Problem:
Starting with the first line of the material, reproduce exactly each line up to and including the one that contains "Georg Jensen Sterling", leaving out every picture.

|---|

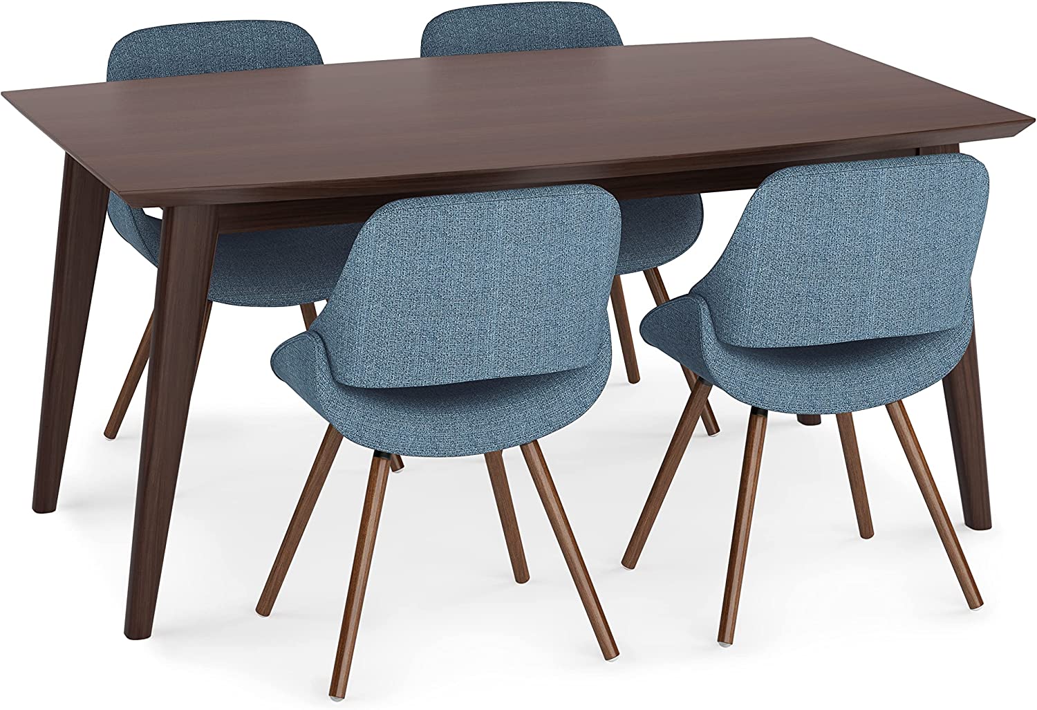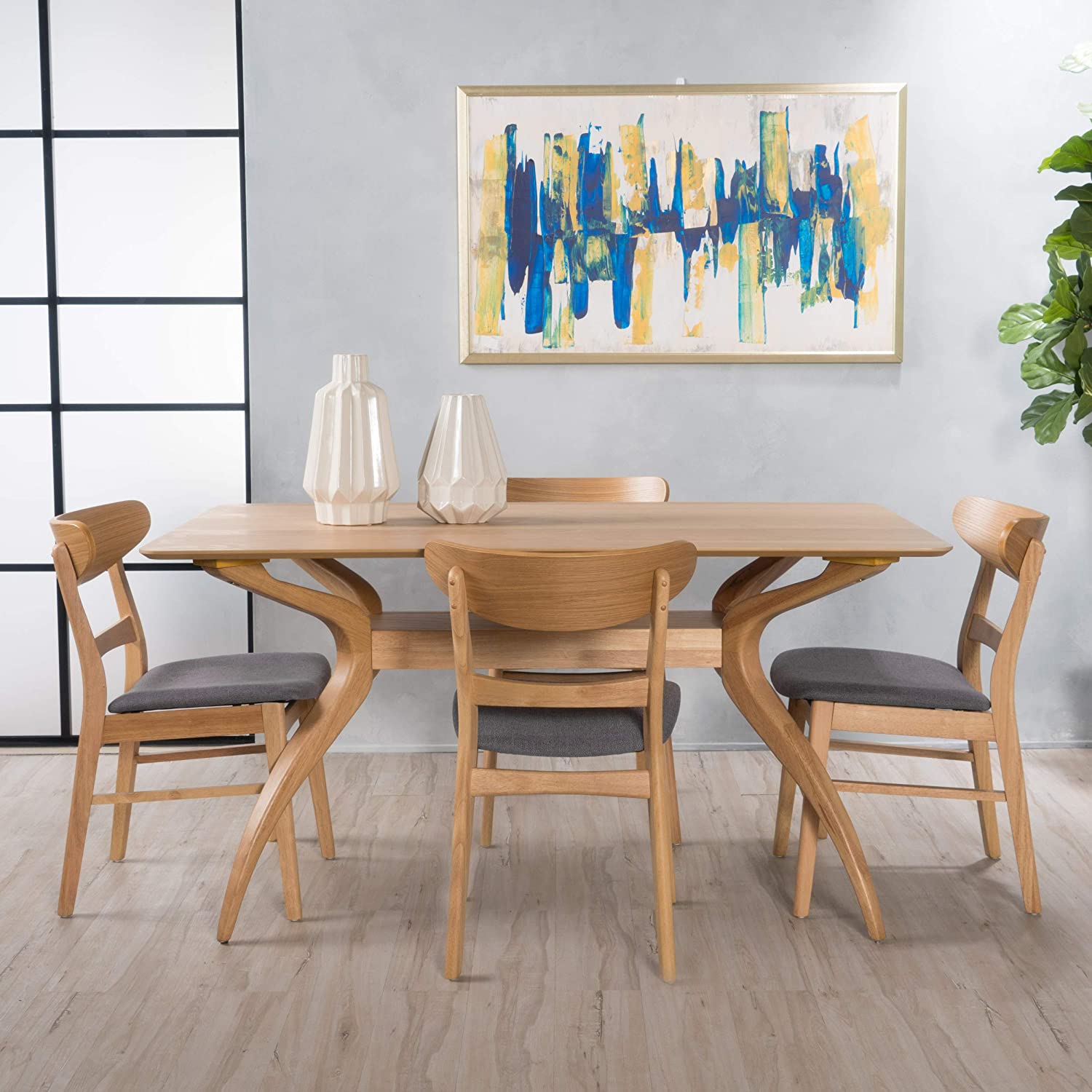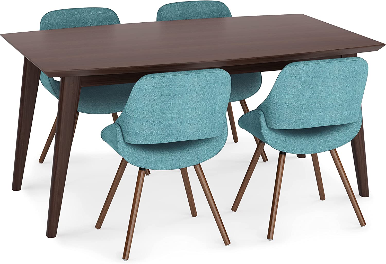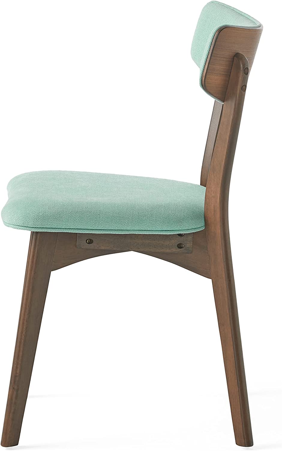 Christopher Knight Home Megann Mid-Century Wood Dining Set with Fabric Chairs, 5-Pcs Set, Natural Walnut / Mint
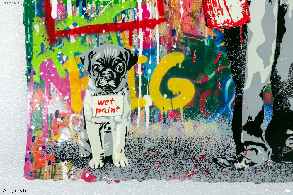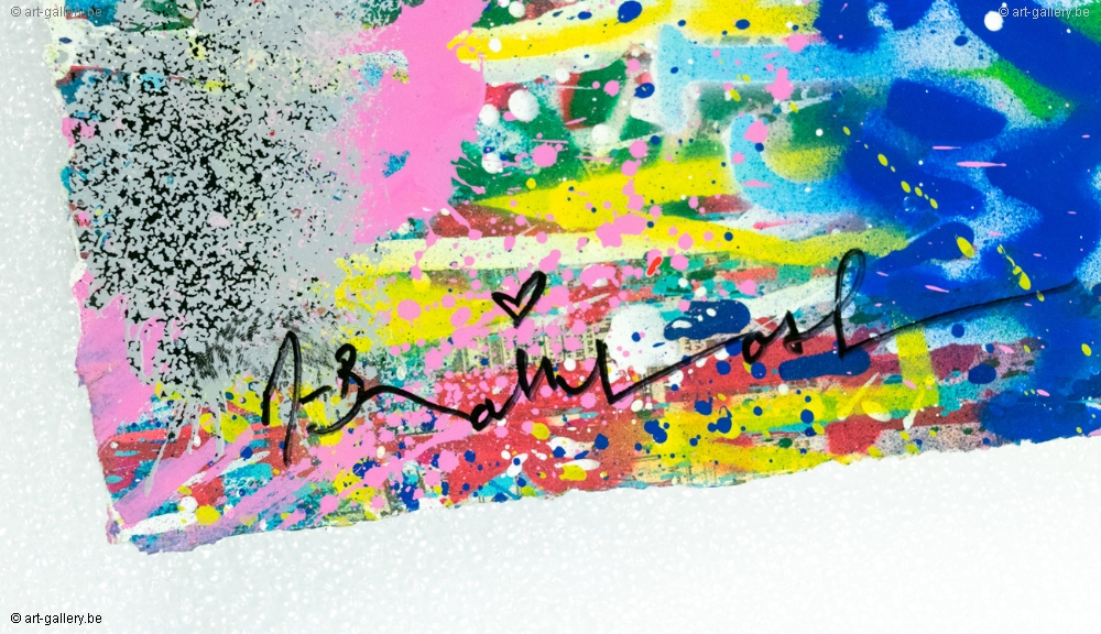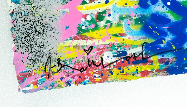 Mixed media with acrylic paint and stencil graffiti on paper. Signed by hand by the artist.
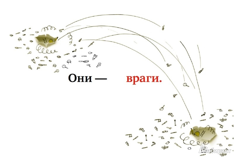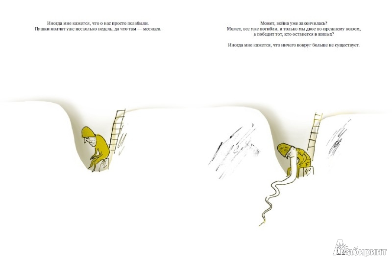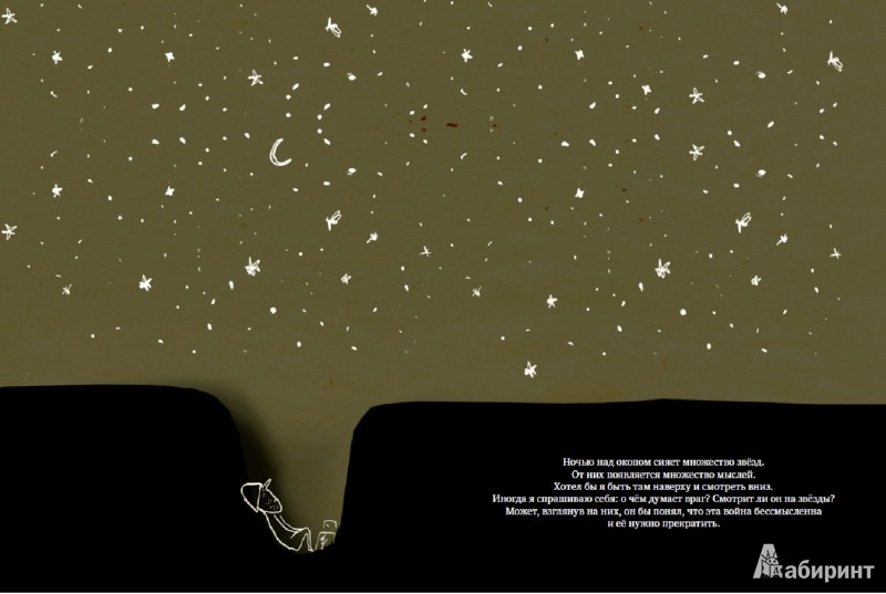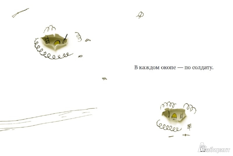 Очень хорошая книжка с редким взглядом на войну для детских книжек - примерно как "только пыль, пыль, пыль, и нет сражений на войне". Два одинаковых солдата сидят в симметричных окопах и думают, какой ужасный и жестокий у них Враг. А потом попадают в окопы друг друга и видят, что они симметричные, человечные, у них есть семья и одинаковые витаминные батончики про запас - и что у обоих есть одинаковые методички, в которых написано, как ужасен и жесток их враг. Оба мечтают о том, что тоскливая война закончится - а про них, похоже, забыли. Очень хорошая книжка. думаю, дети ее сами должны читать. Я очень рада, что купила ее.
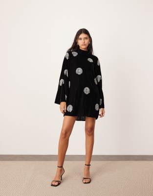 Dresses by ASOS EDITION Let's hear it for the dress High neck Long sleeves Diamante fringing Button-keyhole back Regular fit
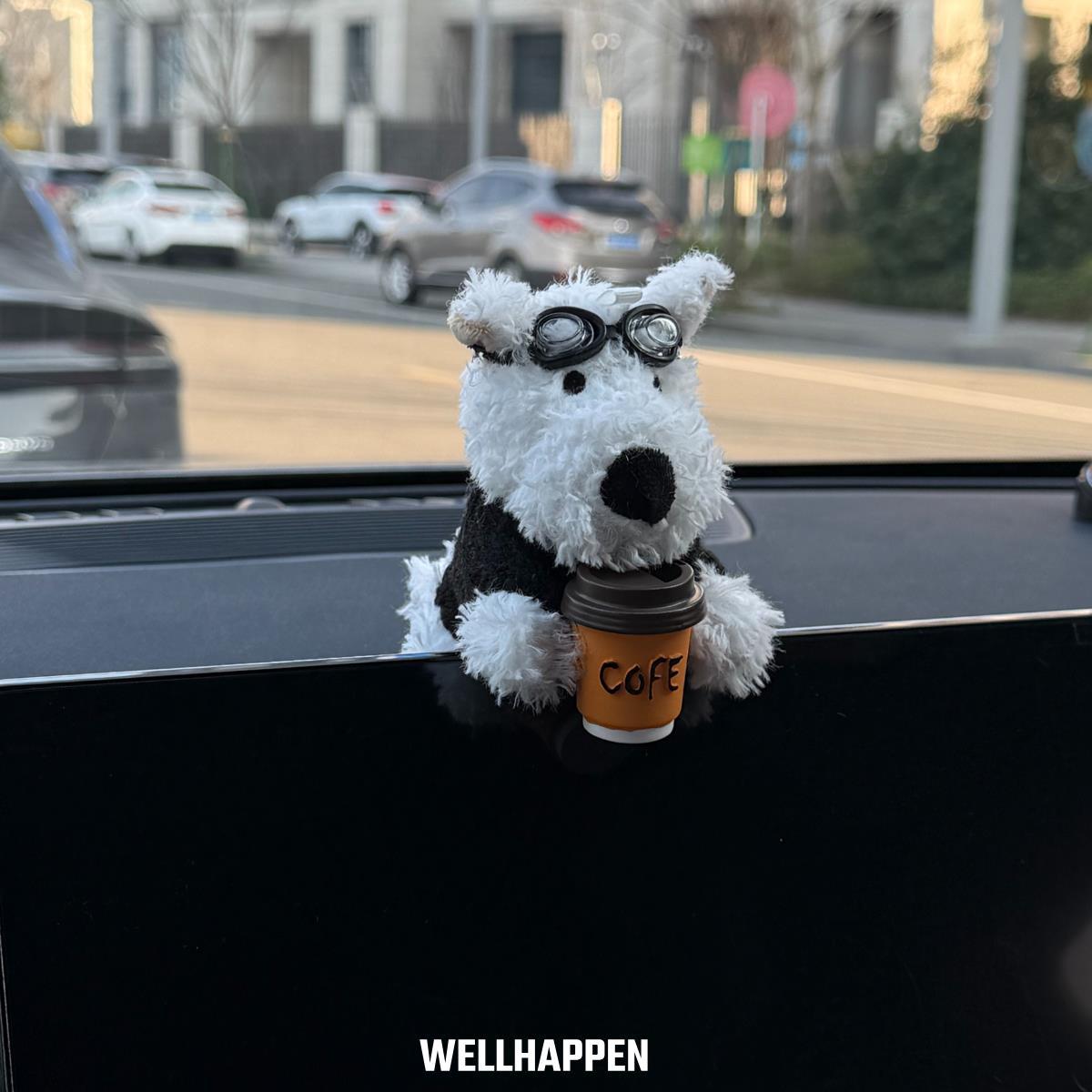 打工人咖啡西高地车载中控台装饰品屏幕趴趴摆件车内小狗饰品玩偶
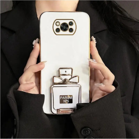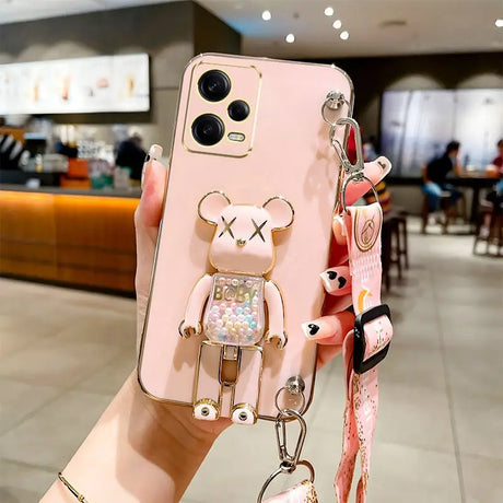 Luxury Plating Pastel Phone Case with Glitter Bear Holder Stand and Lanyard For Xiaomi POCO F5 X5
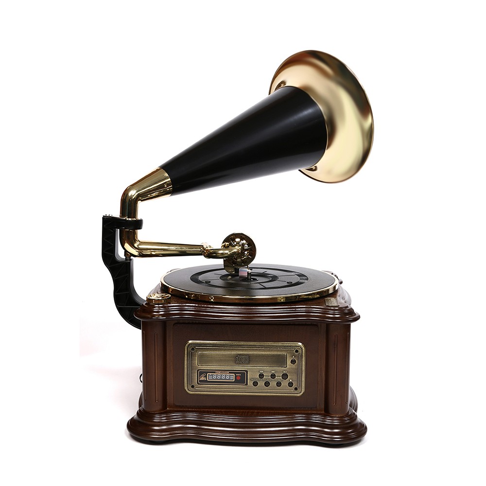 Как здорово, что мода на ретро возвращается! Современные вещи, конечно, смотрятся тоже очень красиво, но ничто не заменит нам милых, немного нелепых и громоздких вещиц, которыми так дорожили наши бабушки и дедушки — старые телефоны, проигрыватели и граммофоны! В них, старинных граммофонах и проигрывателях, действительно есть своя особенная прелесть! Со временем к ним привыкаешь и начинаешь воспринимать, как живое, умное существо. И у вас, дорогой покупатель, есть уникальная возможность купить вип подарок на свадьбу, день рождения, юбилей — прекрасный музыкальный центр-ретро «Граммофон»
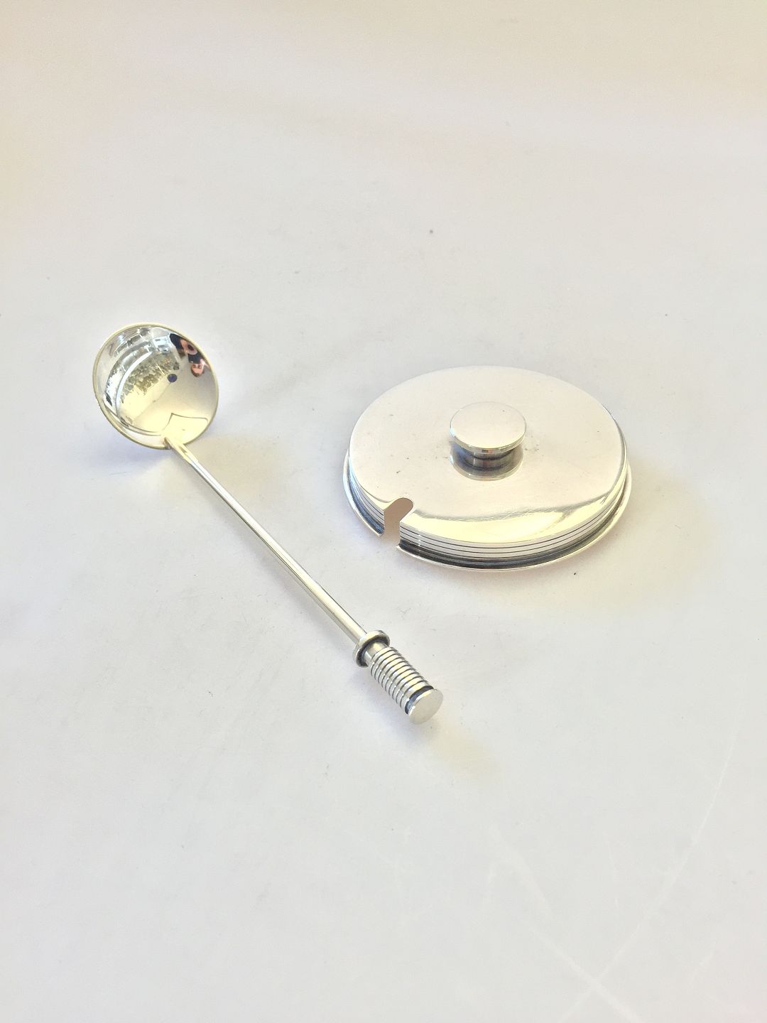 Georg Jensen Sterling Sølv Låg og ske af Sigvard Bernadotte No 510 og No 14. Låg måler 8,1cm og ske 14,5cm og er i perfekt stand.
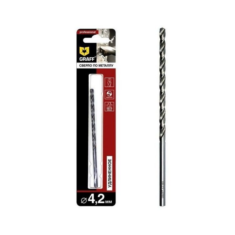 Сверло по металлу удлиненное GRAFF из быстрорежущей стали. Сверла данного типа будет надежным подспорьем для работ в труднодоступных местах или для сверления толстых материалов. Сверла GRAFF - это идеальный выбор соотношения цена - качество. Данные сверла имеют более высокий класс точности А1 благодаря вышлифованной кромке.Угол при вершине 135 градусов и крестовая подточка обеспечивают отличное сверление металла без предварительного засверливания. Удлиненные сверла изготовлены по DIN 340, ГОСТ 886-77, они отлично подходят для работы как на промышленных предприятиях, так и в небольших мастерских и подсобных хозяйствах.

|---|

Response:
 Christopher Knight Home Megann Mid-Century Wood Dining Set with Fabric Chairs, 5-Pcs Set, Natural Walnut / Mint
 Mixed media with acrylic paint and stencil graffiti on paper. Signed by hand by the artist.
 Очень хорошая книжка с редким взглядом на войну для детских книжек - примерно как "только пыль, пыль, пыль, и нет сражений на войне". Два одинаковых солдата сидят в симметричных окопах и думают, какой ужасный и жестокий у них Враг. А потом попадают в окопы друг друга и видят, что они симметричные, человечные, у них есть семья и одинаковые витаминные батончики про запас - и что у обоих есть одинаковые методички, в которых написано, как ужасен и жесток их враг. Оба мечтают о том, что тоскливая война закончится - а про них, похоже, забыли. Очень хорошая книжка. думаю, дети ее сами должны читать. Я очень рада, что купила ее.
 Dresses by ASOS EDITION Let's hear it for the dress High neck Long sleeves Diamante fringing Button-keyhole back Regular fit
 打工人咖啡西高地车载中控台装饰品屏幕趴趴摆件车内小狗饰品玩偶
 Luxury Plating Pastel Phone Case with Glitter Bear Holder Stand and Lanyard For Xiaomi POCO F5 X5
 Как здорово, что мода на ретро возвращается! Современные вещи, конечно, смотрятся тоже очень красиво, но ничто не заменит нам милых, немного нелепых и громоздких вещиц, которыми так дорожили наши бабушки и дедушки — старые телефоны, проигрыватели и граммофоны! В них, старинных граммофонах и проигрывателях, действительно есть своя особенная прелесть! Со временем к ним привыкаешь и начинаешь воспринимать, как живое, умное существо. И у вас, дорогой покупатель, есть уникальная возможность купить вип подарок на свадьбу, день рождения, юбилей — прекрасный музыкальный центр-ретро «Граммофон»
 Georg Jensen Sterling Sølv Låg og ske af Sigvard Bernadotte No 510 og No 14. Låg måler 8,1cm og ske 14,5cm og er i perfekt stand.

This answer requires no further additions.